The invention belongs to pharmaceutical technology field, and in particular to a kind of pharmaceutical composition containing Suo Feibuwei, described pharmaceutical composition contain Suo Feibuwei, filler, surfactant.The product stability of the invention of the present invention is good, and dissolution is complete, has more outstanding product quality;Operation is simple for the production of the present invention, is suitable for industrial production.

Description

A kind of pharmaceutical composition containing Suo Feibuwei
Technical field
The invention belongs to pharmaceutical technology field, and in particular to a kind of pharmaceutical composition containing Suo Feibuwei and its tablet Preparation method.
Background technology
Hepatitis C(Hepatitis)Come from HCV(HCV)Infection, mainly passes through contact infection person's blood born.Third Liver can be divided into it is acute with it is chronic.Acute hepatitis c virus infection refers to the acute disease in initial 6 months after hepatitis c virus infection.For For most people, acute infection generally translates into chronic infection.Chronic hepatitis C virus infection refers to that hepatitis C virus is deposited for a long time The chronic disease stayed in human body.Hepatitis c virus infection can cause serious liver diseases, such as hepatic sclerosis and liver with even lifelong Cancer.75%~85% can develop into chronic hepatitis C virus infection in hepatitis c virus infection person, and 60%~70% can develop into chronic liver disease, 5%~20% can develop into hepatic sclerosis between 20 to 30 years, and 1%~5% can die from hepatic sclerosis or liver cancer.

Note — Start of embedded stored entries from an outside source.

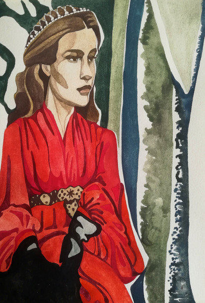 Another Merlin character, Princess Elena who appears in series 3.I've changed the dress slightly, I know that it's suppose to be a bit gawky, and I'll fitting, but I just couldn't bring myself to draw all those bows!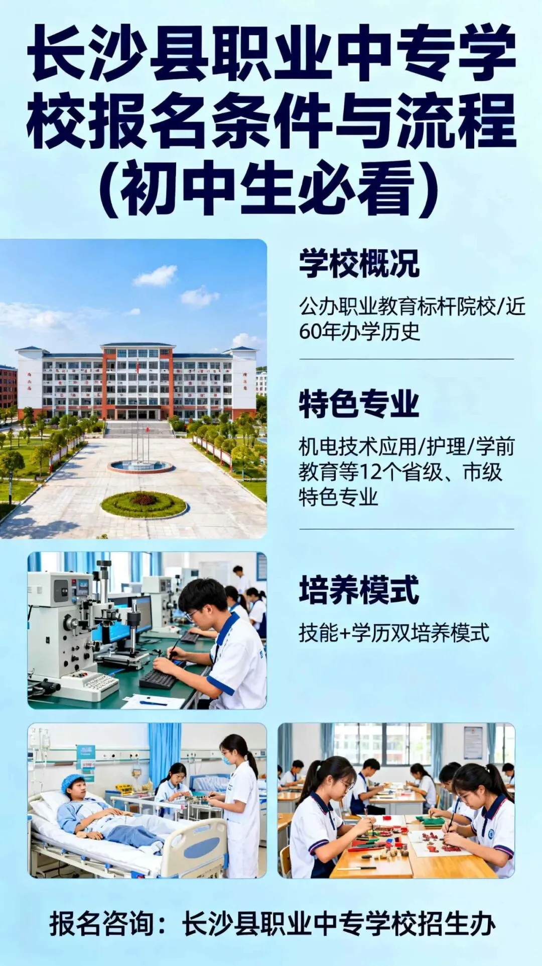长沙县职业中专学校是长沙县公办职业教育的标杆院校,拥有近60年办学历史,开设了机电技术应用、护理、学前教育等12个省级、市级特色专业,凭借“技能+学历”的双培养模式,成为众多初中毕业生实现职业理想的重要跳板。对于有意向报考的初中生来说,提前摸清报名条件与流程,是开启技能成才之路的第一步。
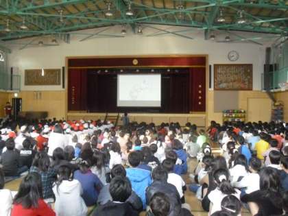 今朝はユニセフ集会です。計画委員からユニセフについての話とVTRを見ました。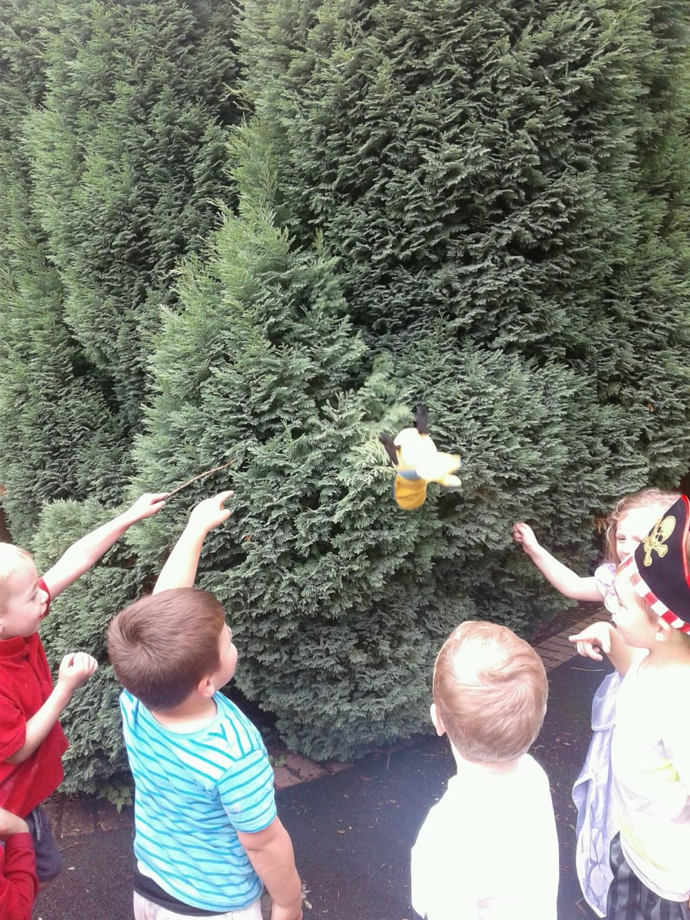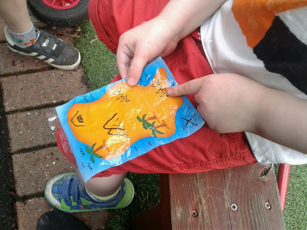 In the construction area the children worked together to make a big pirate ship with a flag. Soon they were sailing to faraway places seeking treasure! Meanwhile, some  pesky pirates came whilst we were on an adventure and stole the pet parrot belonging to one of our children!  This called for a major rescue mission and so we went on a hunt with our maps using our positional language to figure out where the pirates had hidden the parrot. With great team work skills, the parrot was soon found and re-united with its owner!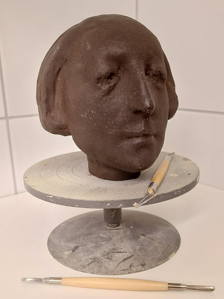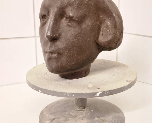 2. Erlernen zusätzlicher Abformtechniken (Negativform/Positivform). Dazu gehört die Technik der verlorenen Form: Ausgehend vom Tonmodell wird ein Gipsnegativ erstellt, aus dem anschließend ein Gipspositiv gefertigt wird.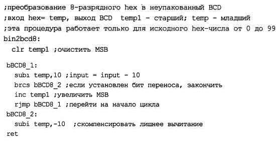 Некоторые процедуры для преобразования в BCD-формат содержатся в фирменной Application notes 204. Приведем здесь вариант такой процедуры, более экономичный в части использования регистров. Исходное hex-число находится в регистре temp, распакованный результат — в tempi: temp. Процедура довольно короткая: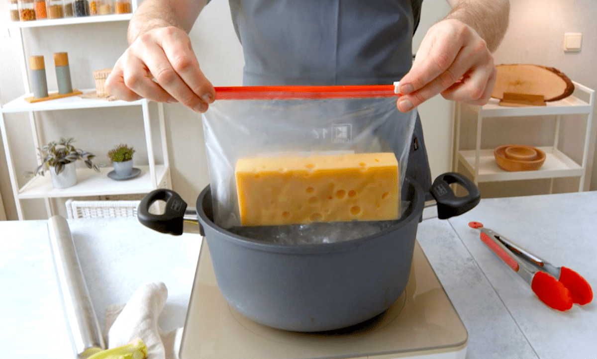 1. Lege das Stück Käse in einen Ziplock-Beutel und verschließe diesen gut. Hänge den Beutel samt Käse für ca. 30 Minuten in warmes Wasser in einen Topf (ca. 80-90 °C). Hole den Beutel aus dem Wasser, sobald der Käse weich geworden ist.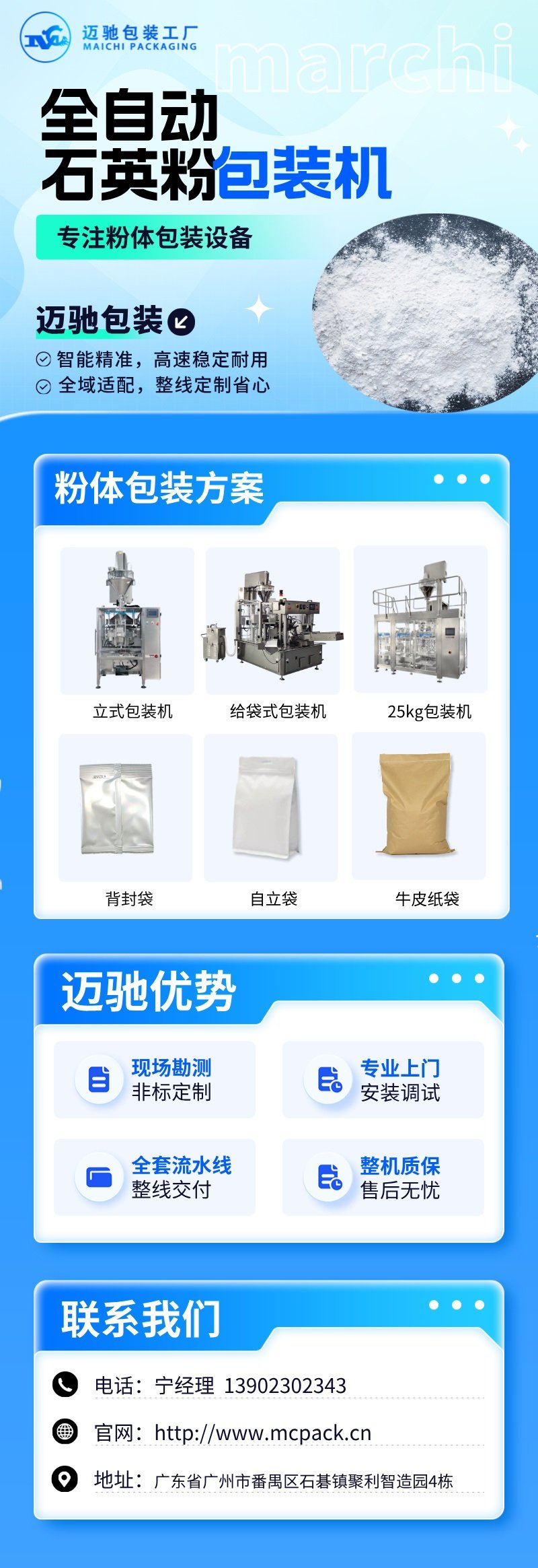 作为国内自动化包装设备领域的实力厂家,广州迈驰包装设备有限公司与合肥迈驰包装设备有限公司在全国范围内(涵盖东北、华北、华东、华中、华南、西北、西南各省市及县级区域)为石英粉行业客户提供设备选型、非标定制、调试培训、终身运维等一站式服务。
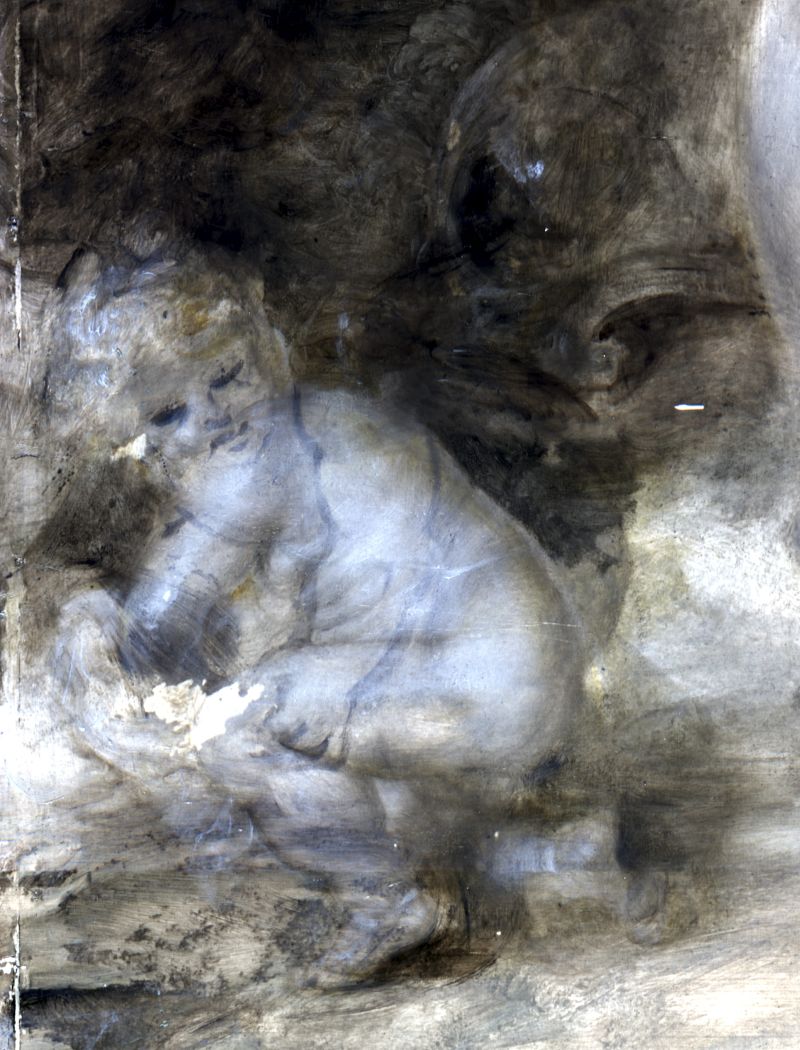 È stato eseguito anche un importante lavoro strutturale per stabilizzare il pannello di quercia. Un esame approfondito del supporto ausiliario del dipinto, combinato con la nostra conoscenza della provenienza del quadro, ha determinato che la "culla" è probabilmente stata creata da Jean-Louis Hacquin (il "padre" della "culla regolabile"), che nel 1770 è noto per aver lavorato su un altro pannello di Rubens con una provenienza simile attraverso la famiglia reale francese. Queste prove storiche, insieme alle condizioni relativamente buone del pannello, hanno convinto il conservatore ad adattare il supporto della culla sostituendo le stecche verticali con coppie di stecche più sottili per consentire un certo grado di flessibilità e evitare future spaccature, invece di sostituire completamente l'intera struttura.
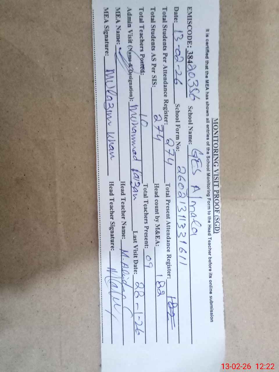 | Attendance Register | Head Teacher | MEA with School | Visit Proof |

Treatment currently for hepatitis is mainly the use in conjunction of a variety of antiviral drugs.In December, 2013 in U.S. The medicine Suo Feibuwei (Sofosbuvir) of state's Initial Public Offering, chemical name are N- [[P (S), 2 ' R] -2 '-deoxidations -2 '-fluoro- 2 '-methyl-P- phenyl -5 '-uridine acyl group]-L- isopropyl propionates, molecular formula: C22H29FN3O9P, it is that a kind of white is extremely or white Color crystalline solid, is slightly soluble in water.
Suo Feibuwei is a kind of NS5B AG14361s, is without the use of interferon to the HCV of some genotype, can Side effect is reduced, there is the effect of good.
The content of the invention
, should the medicine containing Suo Feibuwei it is an object of the invention to provide a kind of new pharmaceutical composition containing Suo Feibuwei The stability of compositions is good, and dissolution rate is good.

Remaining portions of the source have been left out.